ASCII compressor works for short test file, not on

2019-04-28 17:57发布

问题:

The current project in Systems Programming is to come up with an ASCII compressor that removes the top zero bit and writes the contents to the file.

In order to facilitate decompression, the original file size is written to file, then the compressed char bytes. There are two files to run tests on- one that is 63 bytes long, and the other is 5344213 bytes. My code below works as expected for the first test file, as it writes 56 bytes of compressed text plus 4 bytes of file header.

However, when I try it on the long test file, the compressed version is 3 bytes shorter than the original, when it should be roughly 749KiB smaller, or 14% of original size. I've worked out the binary bit shift values for the first two write loops of the long test file, and they match up what is being recorded on my test printout.

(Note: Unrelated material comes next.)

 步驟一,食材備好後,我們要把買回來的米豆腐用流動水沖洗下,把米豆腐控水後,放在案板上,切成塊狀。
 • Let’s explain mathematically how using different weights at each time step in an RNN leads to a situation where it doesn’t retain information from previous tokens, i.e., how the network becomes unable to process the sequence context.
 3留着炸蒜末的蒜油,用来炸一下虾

while ( (characters= read(openReadFile, unpacked, BUFFER)) >0 ){
   unsigned char packed[7]; //compression storage
   int i, j, k, writeCount, endLength, endLoop;

    //loop through the buffer array
    for (i=0; i< characters-1; i++){
        j= i%7; 

        //fill up the compressed array
        packed[j]= packer(unpacked[i], unpacked[i+1], j);

        if (j == 6){
            writeCalls++; //track how many calls made

            writeCount= write(openWriteFile, packed, sizeof (packed));
            int packedSize= writeCount;
            for (k=0; k<7 && writeCalls < 10; k++)
                printf("%X ", (int)packed[k]);      

            totalWrittenBytes+= packedSize;
            printf(" %d\n", packedSize);
            memset(&packed[0], 0, sizeof(packed)); //clear array

            if (writeCount < 0)
                printOpenErrors(writeCount);
        }
        //end of buffer array loop
        endLength= characters-i;
        if (endLength < 7){

            for (endLoop=0; endLoop < endLength-1; endLoop++){
                packed[endLoop]= packer(unpacked[endLoop], unpacked[endLoop+1], endLoop);
            }

            packed[endLength]= calcEndBits(endLength, unpacked[endLength]);
        }
    } //end buffer array loop
} //end file read loop

The packer function:

//calculates the compressed byte value for the array
char packer(char i, char j, int k){
    char packStyle;

    switch(k){
        //shift bits based on mod value with 8
        case 0:
                packStyle= ((i & 0x7F) << 1) | ((j & 0x40) >> 6);
            break;
        case 1:
            packStyle= ((i & 0x3F) << 2) | ((j & 0x60) >> 5);
            break;
        case 2:
            packStyle= ((i & 0x1F) << 3) | ((j & 0x70) >> 4);
            break;
        case 3:
            packStyle= ((i & 0x0F) << 4) | ((j & 0x78) >> 3);
            break;
        case 4:
            packStyle= ((i & 0x07) << 5) | ((j & 0x7C) >> 2);
            break;
        case 5:
            packStyle= ((i & 0x03) << 6) | ((j & 0x7E) >> 1);
            break;
        case 6:
            packStyle= ( (i & 0x01 << 7) | (j & 0x7F));
            break;
    }

    return packStyle;
}

I've verified that there are 7 bytes written out every time the packed buffer is flushed, and there are 763458 write calls made for the long file, which match up to 5344206 bytes written.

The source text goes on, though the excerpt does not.